Rework Replies #20

right-mouse · 2023-03-04T20:49:23Z

Reworks the "reply" portion of eelbot so that it uses the database for selecting a reply from. Replies are also more dynamic in nature and support matching using regex.

boarnoah · 2023-07-01T21:05:11Z

This PR proposes the following IIUC,

A reply is defined as a regex pattern + some config (the prompt), along with a list of replies (some prompts might only have one reply but others might have lots) that Eelbot will reply with once there is a match.

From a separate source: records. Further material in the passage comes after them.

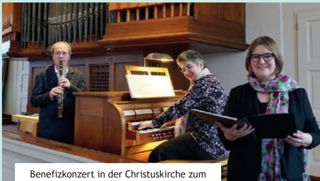
Benefizkonzert in der Christuskirche zum 15-jährigen Jubiläum der Kirchenstiftung

Aktuell hat die Stiftung besonders im Blick, in den Sozialen Medien sichtbarer zu werden, um noch bekannter in der Öffentlichkeit zu sein und sich mit anderen Stiftungen zu vernetzen und auszutauschen.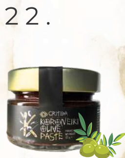
Olivová pasta Koroneiki (125g)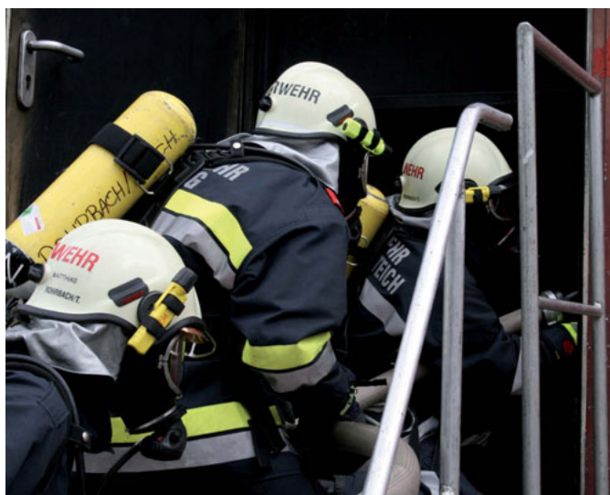
l.o.: Das richtige Betreten eines verrauchten Raumes r.o.: Die Erschöpfung nach der Übung r.u.: Der Brandsimulationscontainer von außen

führt werden, wie es z.B. auch bei einem Zimmerbrand der Fall wäre. Für die Atemschutzträger wichtige Erfahrungen die im Ernstfall helfen!

The way this data is organized in the database is a unconventional. Conventional thinking to me suggests organizing the data as follows

A prompts table, which stores regex pattern(s) & the associated config
A replies table with a FK to the prompt table, by which we can select a reply that is suitable for a given prompt

This design is:

Prompts are stored in config, the pattern & the associated config
Prompts point to replies.<reply-type> tables, so in general there would be N reply tables for N prompts (you could have multiple prompts point to the same reply table)

There isn't any obvious examples of people doing this in relational DBs, and while I personally do feel a more conventional design would have suited our purpose, it will be interesting to investigate this further, to see

if it has been done before
if there are advantages to this approach when dealing with large data sets

So a bunch of thoughts & follow up work (not necessarily needed for this PR to merge) in no particular order

Some of these questions / points are better thought of in the context of "how would something similar to this behave with a very very large dataset, the typical: 'How would you build twitter?' realm of questions"

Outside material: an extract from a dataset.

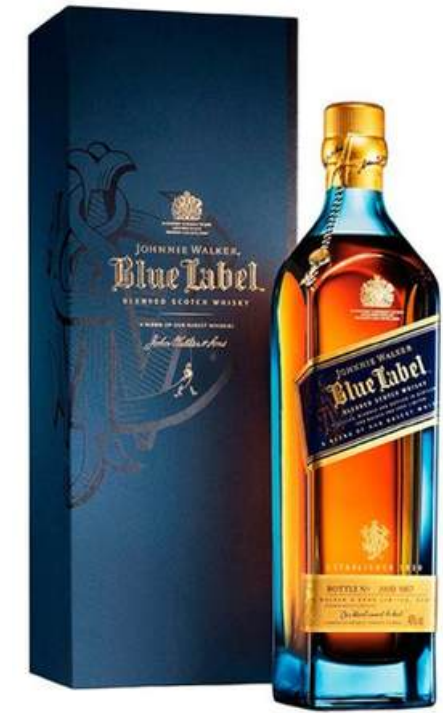
WHISKY JHONNIE WALKER BLUE LABEL X 750 ML

this looks a lot like how document databases typically do horizontal scaling by implementing the concept of a sharding with partition key
- not similar to a relational database's concept of partition, which is generally used to split a homogenous dataset by time etc... into separate tables under the hood.
- I can't find too many examples of a design like this with relational databases, but would like to gather them to see any pros/cons, closest I found was: https://news.ycombinator.com/item?id=28776786, there is plenty of material about read replicas for high availability for relational DBs out there, this is more complex than that
minor point, wonder if this will cause DB tools like PGAdmin etc..., to keel over quite soon since the number of tables in the schema grows with the database, in fairness I suspect if this kind of design was done at a large scale you are likely using bespoke tools to interact with it anyway
as you mentioned this makes maintaining a gapless sequence much easier
- in a typical one large table design, there is IIUC always a hard limit with trying to maintain a gapless sequence & scaling up for multiple writers, since with this design a typical write interacts with a much smaller table, this is not an issue
- in fairness to Postgres, https://www.postgresql.org/files/developer/concurrency.pdf as I understand it typical works at a row level, which means in most cases you can already do concurrent writes, you would need to sacrifice having a gapless sequence however. Curious if that is a worthy sacrifice in most situations
with our current design this is built around all the data being organized into tables that share the same table design, this does not require it
- similar to typical document databases, this means we could if we want organize data differently by generation or type if desired
- Wonder if this could be an advantage with large databases compared to a more conventional design. Where your time for migrations that mutate existing data (ex: splitting data off from a table etc...) increases with the amount of data you have (presumably linearly)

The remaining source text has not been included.